More on the Girls session, which quickly went off the rails, in an upcoming post. HBO announced at the start of that session the series will be back for a fourth season. The room could not wait another year, it would seem, to turn on this show.
In the middle of it all I managed to squeeze out a story for The Canadian Press on True Detective; you can follow this link to it here. The series is Breaking Bad good.

That CP story was mainly based on an interview with director Cary Fukunaga in New York a month ago. McConaughey and Harrelson brought their star power to Thursday’s session with the two Texans delving into their own steady friendship.
McConaughey was asked about his big year in the wake of Dallas Buyers Club and other acclaimed feature film appearances. “Haven’t really been looking in the rear view mirror,” he said. These projects were really done over a year ago and he feels the buzz just seems to have more of a shelf life this season.
He said the unstrung Louisiana cop character he plays in True Detective was really just a guy trying to “keep his shit together. Every day he’s alive is another day of penance in this indentured servitude he calls life.”
The actor was originally approached to play Martin Hart, the part Harrelson wound up with. McConaughey says he read the script (by Nic Pazzolatto) and told the producers he’d rather play the arguably more F-ed up Rust Cohle, “but I got why they saw me in the other role.”

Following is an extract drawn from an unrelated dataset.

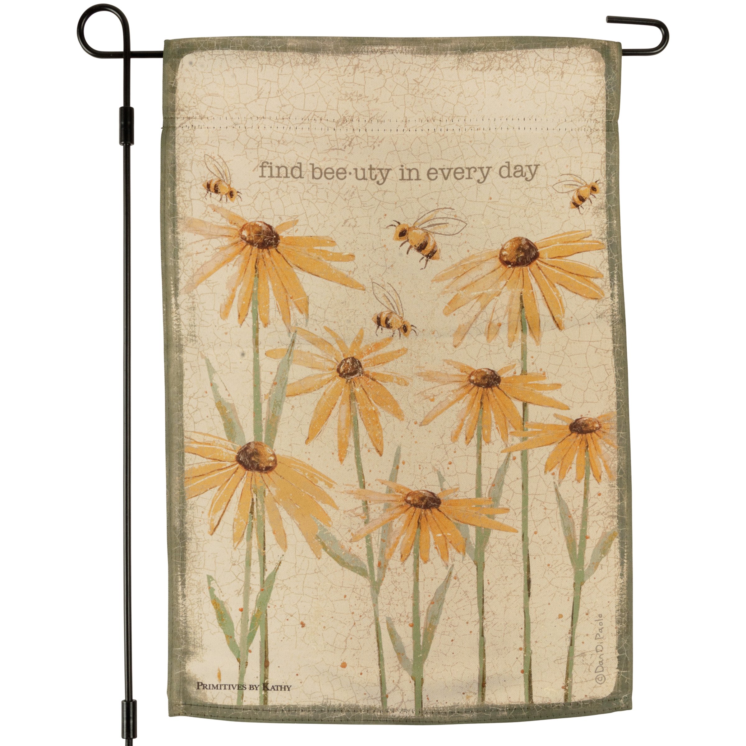 A double-sided polyester garden flag from our Garden Collection featuring rustic bee and coneflower designs with "Find Beeuty In Every Day" sentiment. Our Find Beeuty garden flag is weather-resistant and features an opening to hang on a garden flag pole. Hand-wash only.

Woody seemed happy with the leftovers (not Theroux’s series. He might like that too, I simply do not know.)
Harrelson called McConaughey “an island” while filming “True Detective.” This brooding, sullen character is so unlike the real McConaughey, who Harrelson calls “one of the most gregarious, awesome guys I know.”
“Part of that complication helped,” says Harrelson, as the two friends had to play dudes who basically hate each other.
McConaughey agreed. “In comedy, we get on each others frequency,” he said, citing their appearances together dating back to EDTV. “This was something different. There was real opposition.”
McConaughey began to feel the oppressive opposition funny in and of itself “around episode three.” I may have to watch that one again.